Thursday, 18 November 2021

Fried Rice with Tuna Fish and Scallions

Leftover rice from my Tahdig dish comes to life again in the pan with canned tuna.





A scallion oil starts the dish. I used a cooking hack from "Cooking with Mikey". He made fried rice and separated the egg and dropped the egg yolk in the cold rice and mixed it. The egg white is cooked in the pan and and broken up in to the finished rice. 



That is a great hack. I will use it again.

The fried rice stays crispy and has separated well.
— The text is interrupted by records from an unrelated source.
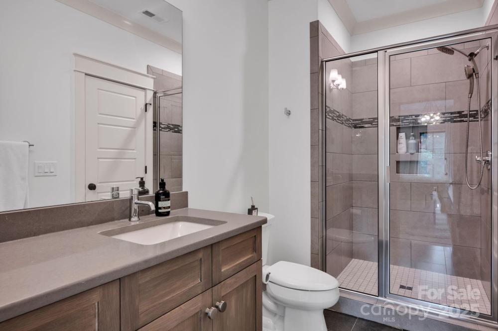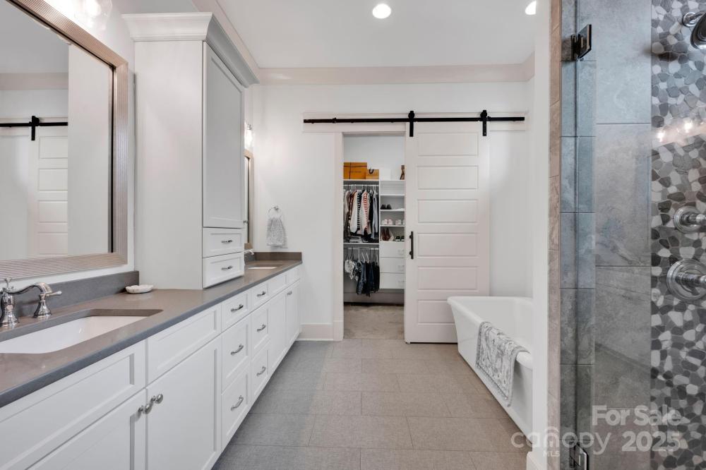 Former Plattner Custom Builders model home in Narrow Passage with recent designer updates made throughout. Bright open floorplan offering an ideal layout suited for today's lifestyle. Beautiful kitchen offers ample storage, prep and cooking space, walk in pantry and separate bar in dining area. Primary bedroom on main level and three additional bedrooms on second level plus office space and large multiuse loft space at the top of stairs. Detached two car side entry garage. (Only side entry garage in this portion of Narrow Passage). Ample driveway space for cars, basketball, etc. Outdoor gathering and entertaining spaces include covered patio off living room, hot tub and lovely fire pit area plus acres of trails and common open spaces throughout the neighborhood. Easy access to River Run Country Club, downtown Davidson, Concord, etc.
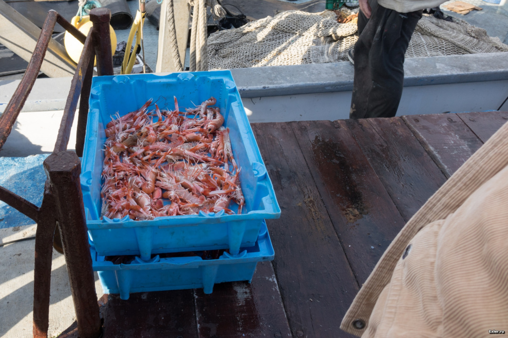 Акула начинает выгружаться. Сначала пошли лангустины - это штука дорогая.
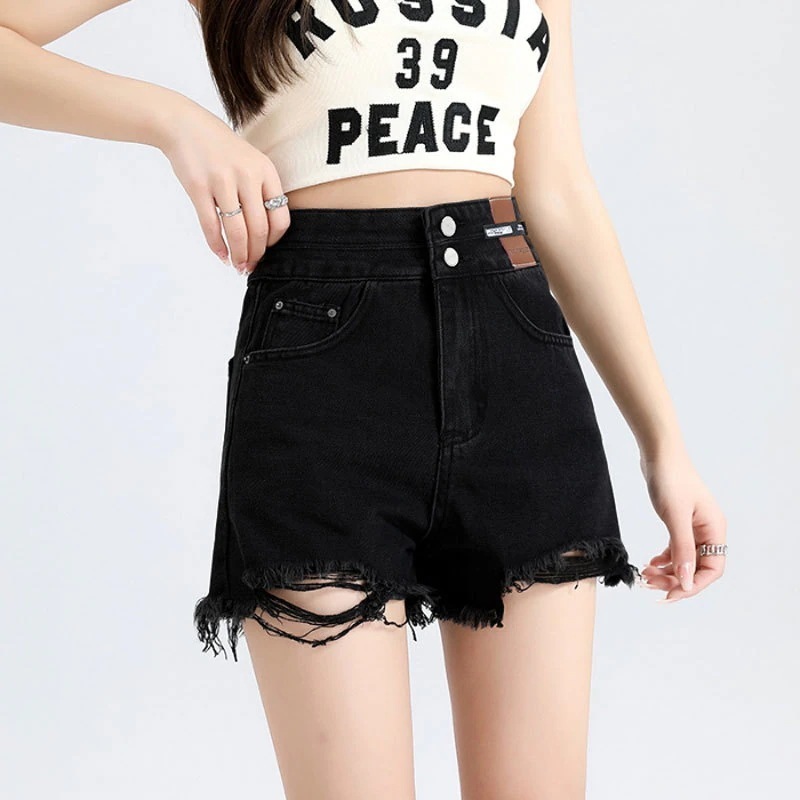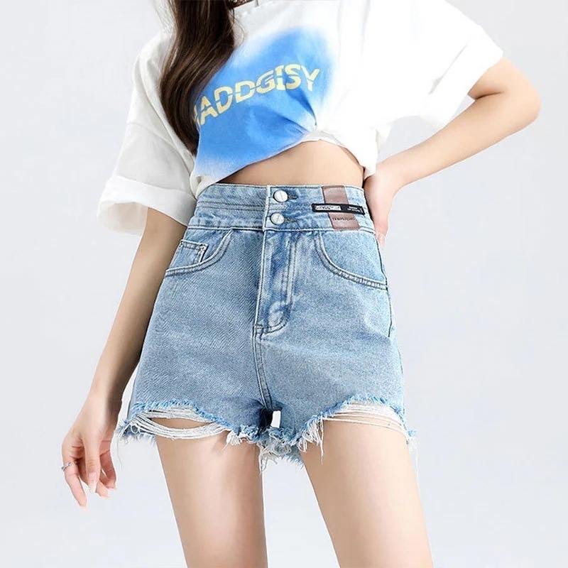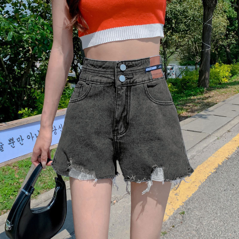 バリデニムひんやりボトム 革のブランドのダブルボタンのハイウエストinsのダメージジーンズ 脚見せ ショートパンツ
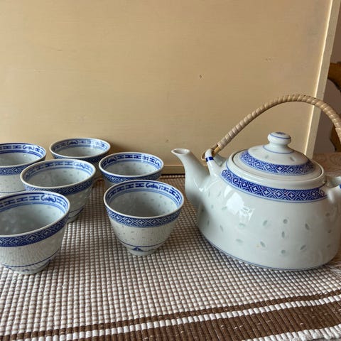 Stor fin vintage retro blå pg hvit kinesisk tekanne med riskorn mønster selges kr 450,-
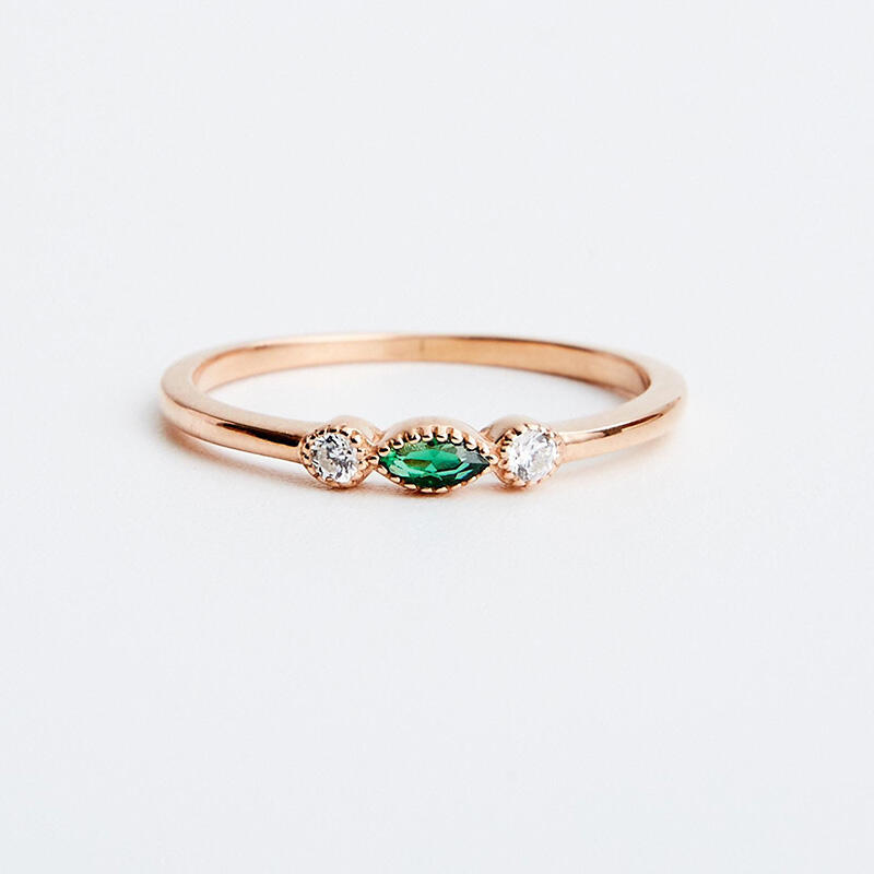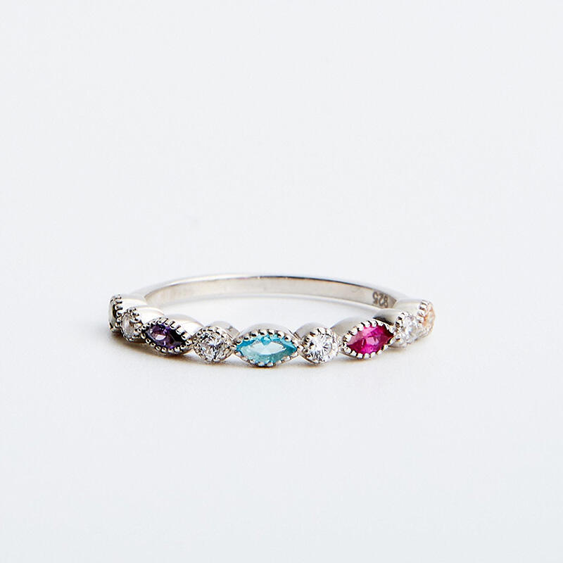 Anillo de piedra de nacimiento personalizado con diamante. Maravilloso regalo para mamá.
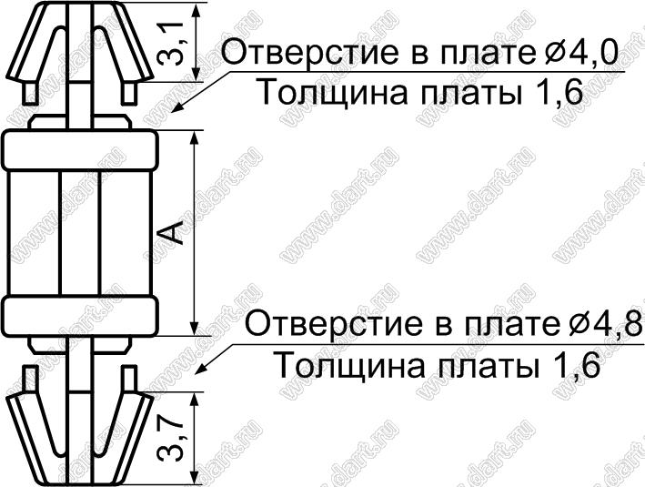 Серия фиксаторов плат нейлоновых предназначена для крепления печатной платы на постоянном расстоянии от шасси. Диаметр отверстия в плате 4,0 мм, толщина платы 1,6 мм, диаметр отверстия в шасси 4,8 мм, толщина шасси 1,6 мм. Фиксаторы этой серии поставляются со склада в Москве и под заказ с фабрики со сроком производства 2-3 недели, плюс доставка до Москвы. Условия поставки уточняйте у менеджеров.
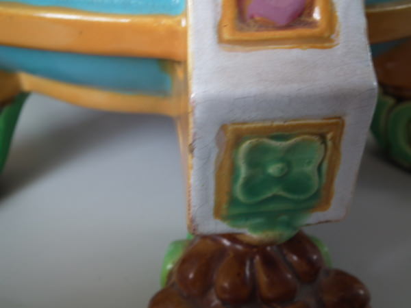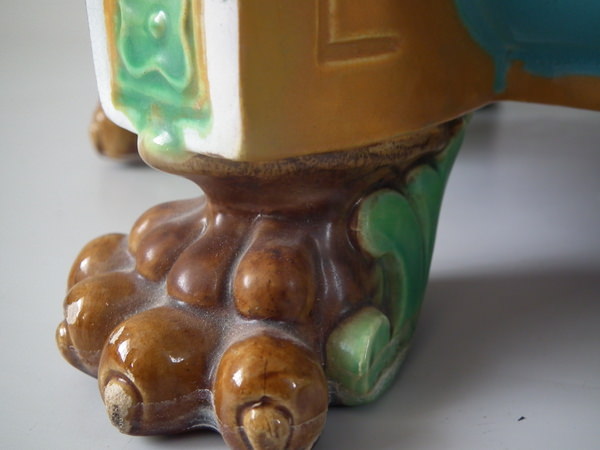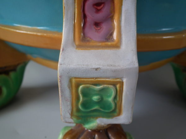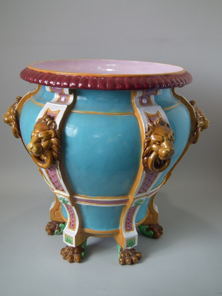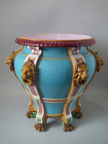 Victorian, circa 1870. 17.3ins high, 19.7ins wide, 19.7ins depth. Minton Majolica jardinière which features lion mask handles and lion paw feet.
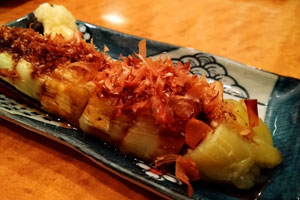 これを炭火で焼いて皮をむき、ウチの自慢のオカカを振りかけて美味しい醤油を落として召し上がってください。
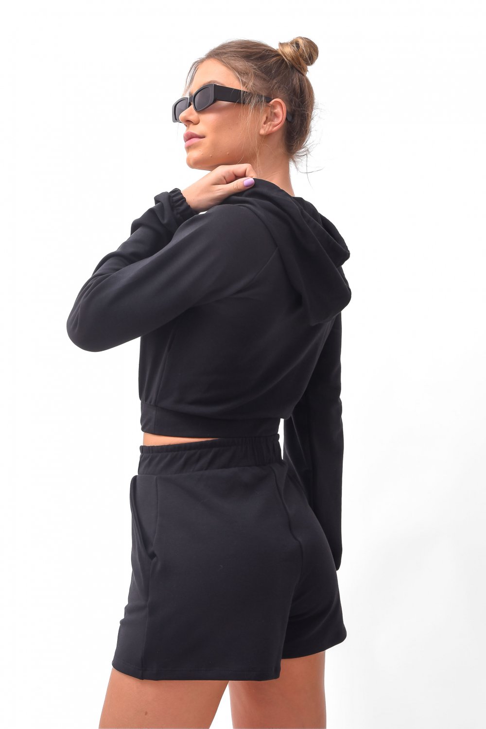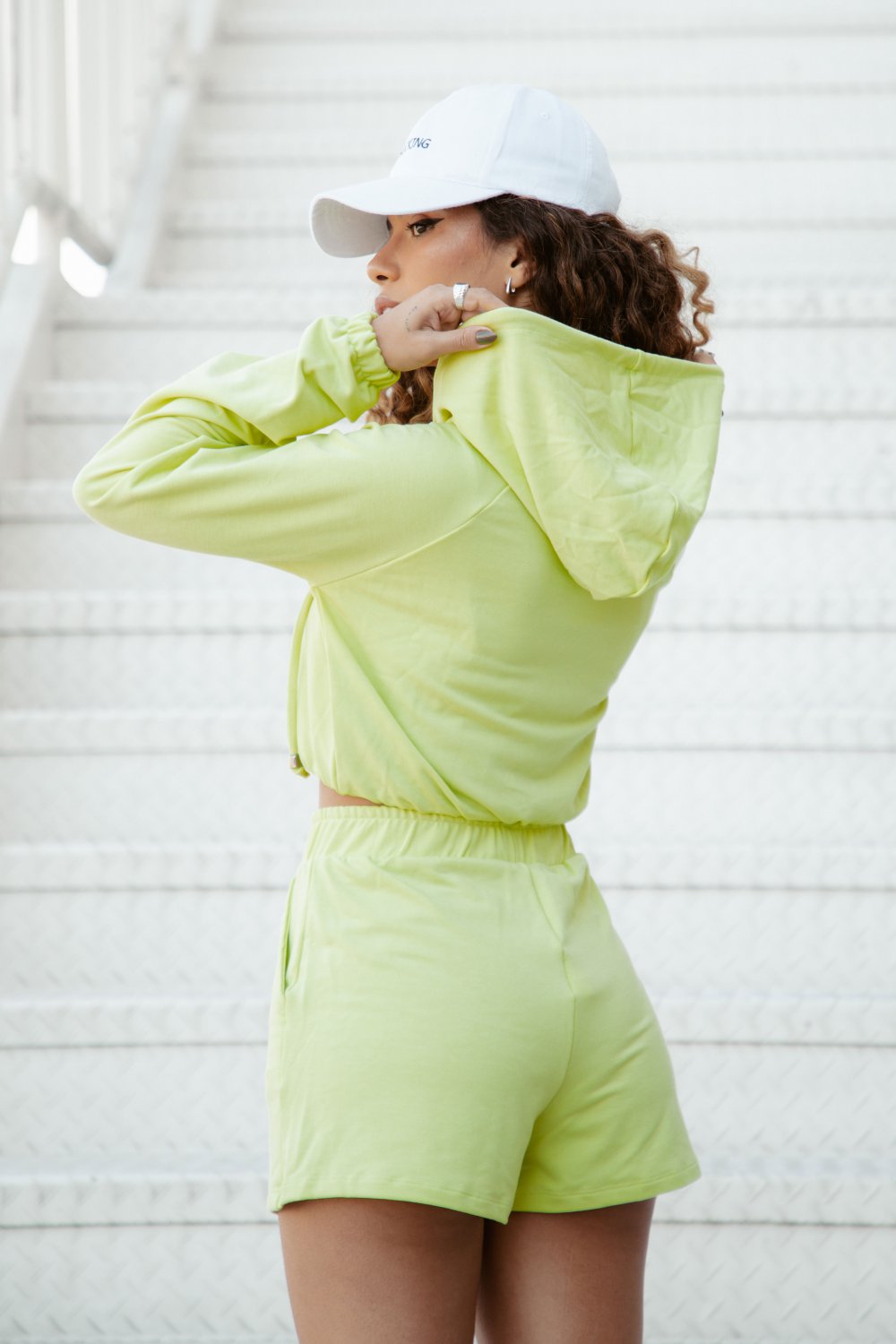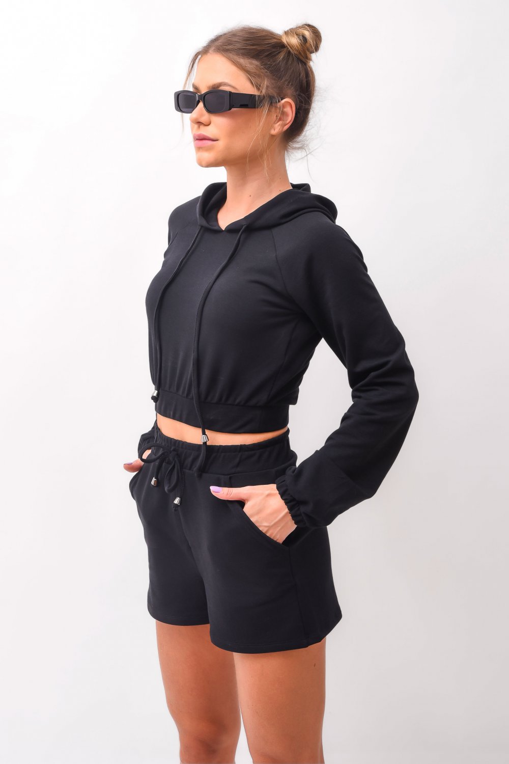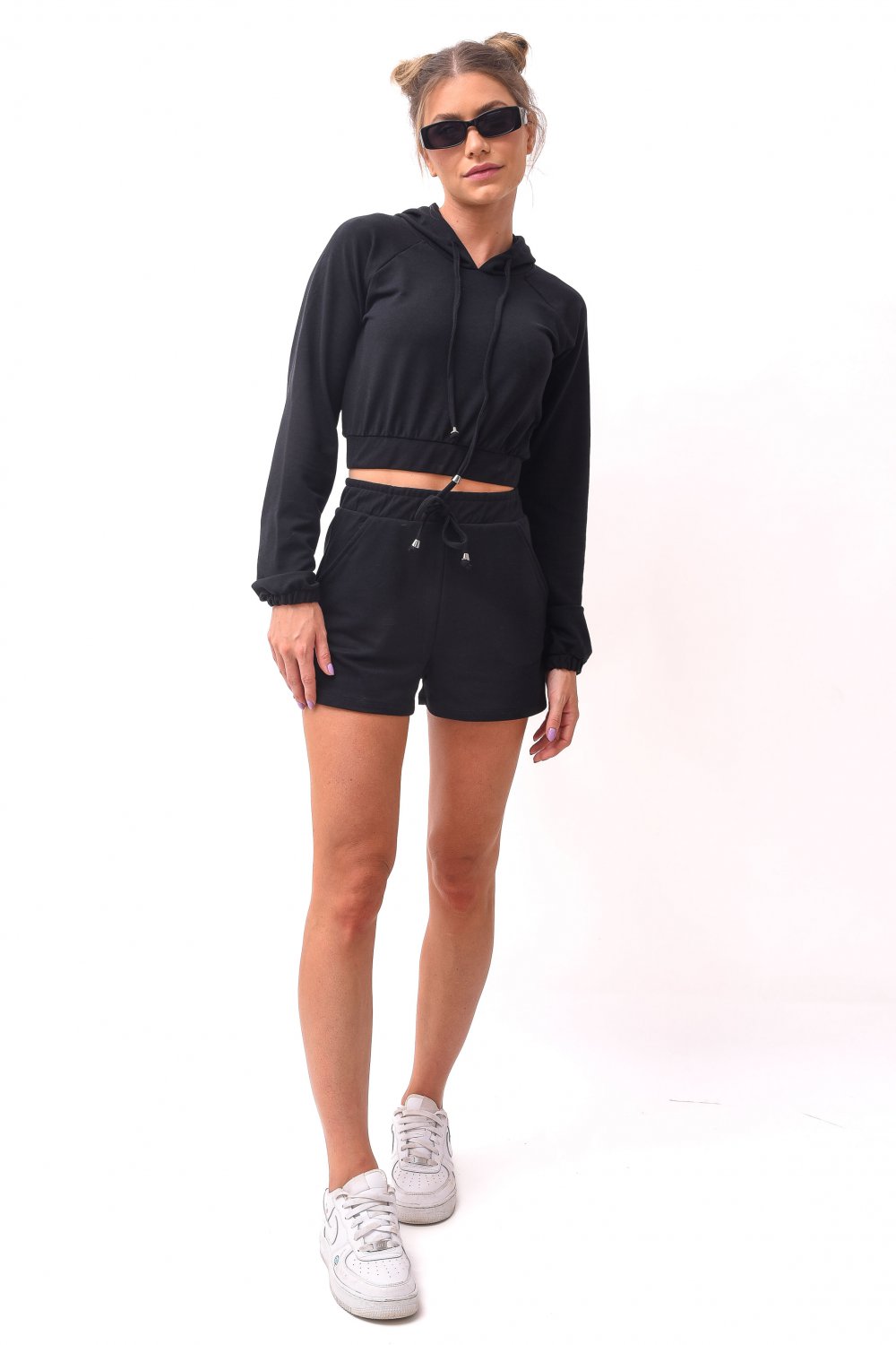 A blusa cropped possui capuz finalizado com cordão da mesma variante e ponteiras.
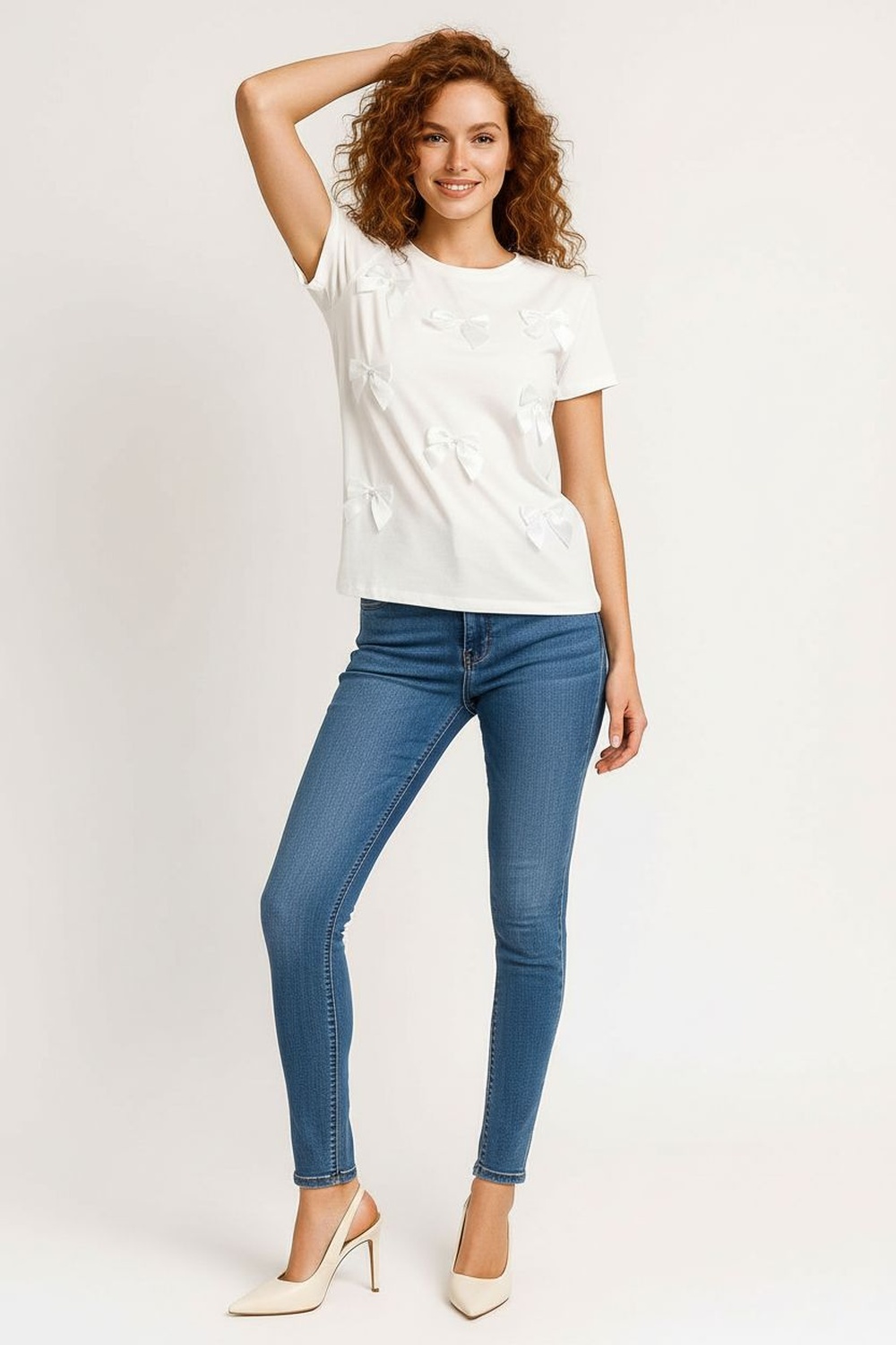 Playera de manga corta con cuello redondo y corte recto, confección en tejido suave de peso ligero que brinda comodidad, aplicaciones de listones colocados de forma uniforme que aportan detalle visual, largo clásico que cubre la cadera, acabados limpios en cuello y mangas que mantienen la forma de la prenda

The egg yolk just helps to enriche tge rice and adds more color.



Recipe for 1:

1 cup leftover crispy cold rice, 1 egg

1 tbsp rapeseed oil, 1 tsp sesame oil

2 scallions, 1 can tuna fish, parsley

Salt, pepper, Kewpie mayo  Gochugaru hot pepper flakes



Separate the egg and stir the egg yolk in the cold rice. Start with the scallion oil. Now in with the rice. That will take a couple of minutes. Make a clear spot in the middle and put the tuna flaked in. Let it get hot and season well. 

Push everything to the side and fry the egg white. Break it up and stir it with the rice.

Finish with parsley and top the bowls with Kewpie mayo.